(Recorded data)

────────────────────────────────────────

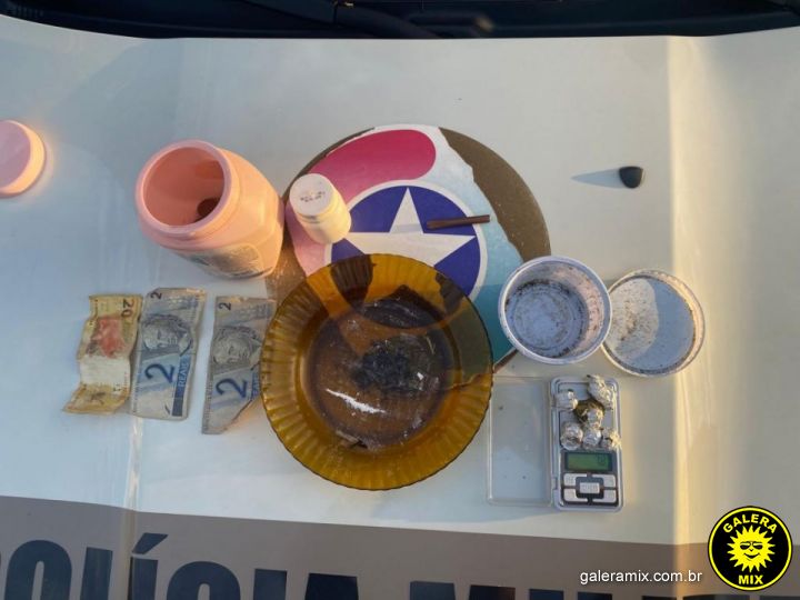 A Polícia Militar foi acionada após tomar conhecimento que em determinado local estaria ocorrendo tráfico de drogas em uma residência. Ao chegarem no local os polícias encontraram três pessoas identificadas pelas inicias G. H. V., 18 anos, C. E. A. M., 20 anos e M. DA C., 35 anos e mais um indivíduo não identificado em frente à residência.
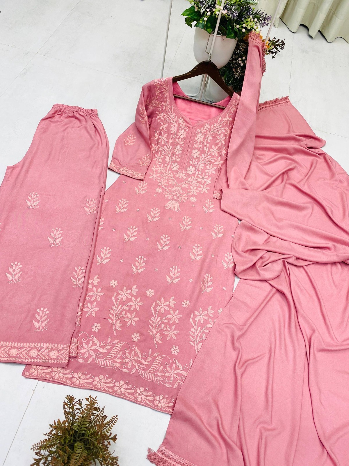 как выглядит Dusty Pink Kurta Palazzo Set Embroidered Rayon Ethnic Suit Dupatta Set For Women фото
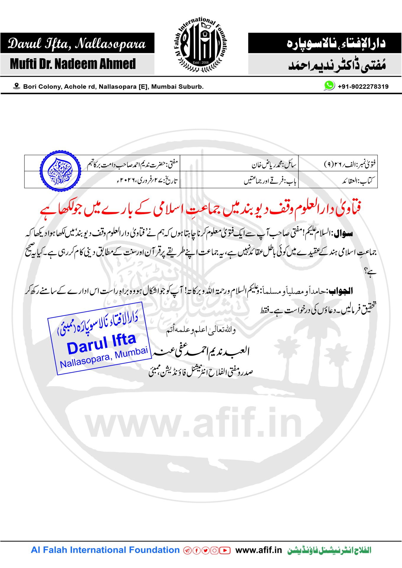 فتاویٰ دارالعلوم وقف دیوبند میں جماعتِ اسلامی کے بارے میں جو لکھا ہے
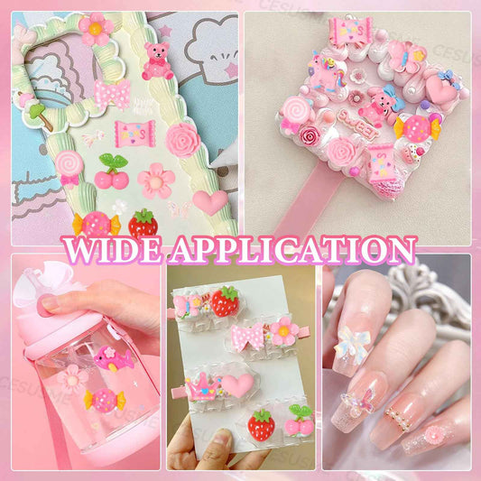 330 Pcs Junk Case Charm Kit, Bear Candy Cartoon Junk Phone Case Charm, Pink White Moon Star Pearls for Junk Cases, Flatback Resin Slime Charms for Nail Art Supplies Craft DIY
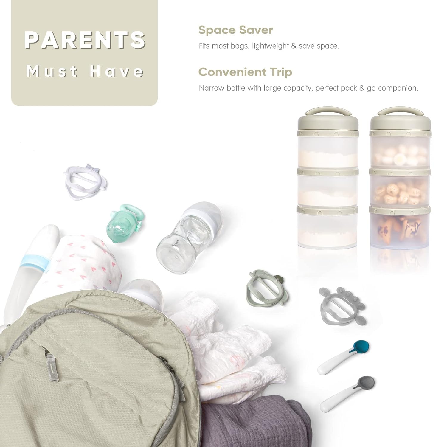 Termichy Stackable Formula Dispenser Portable Milk Powder Container, 2 Pack, Warm Grey
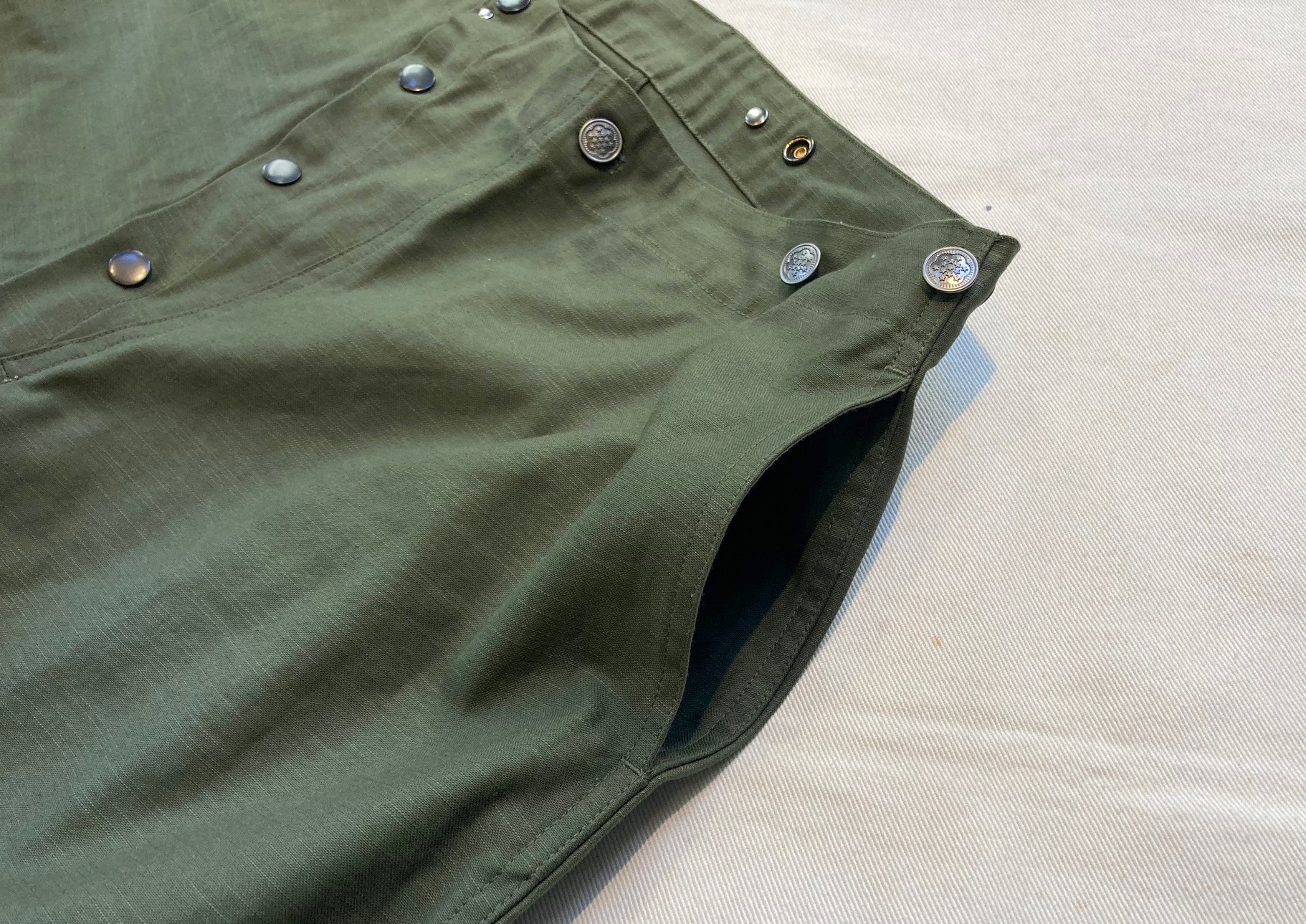 ベルト芯部分には、サスペンダーが付けれるボタン付き。

────────────────────────────────────────

Task to carry out => Starting at the line where "как выглядит Dusty" appears, restate every line through the end of the records above exactly, but omit the pictures.

Finished exercise =>
 как выглядит Dusty Pink Kurta Palazzo Set Embroidered Rayon Ethnic Suit Dupatta Set For Women фото
 فتاویٰ دارالعلوم وقف دیوبند میں جماعتِ اسلامی کے بارے میں جو لکھا ہے
 330 Pcs Junk Case Charm Kit, Bear Candy Cartoon Junk Phone Case Charm, Pink White Moon Star Pearls for Junk Cases, Flatback Resin Slime Charms for Nail Art Supplies Craft DIY
 Termichy Stackable Formula Dispenser Portable Milk Powder Container, 2 Pack, Warm Grey
 ベルト芯部分には、サスペンダーが付けれるボタン付き。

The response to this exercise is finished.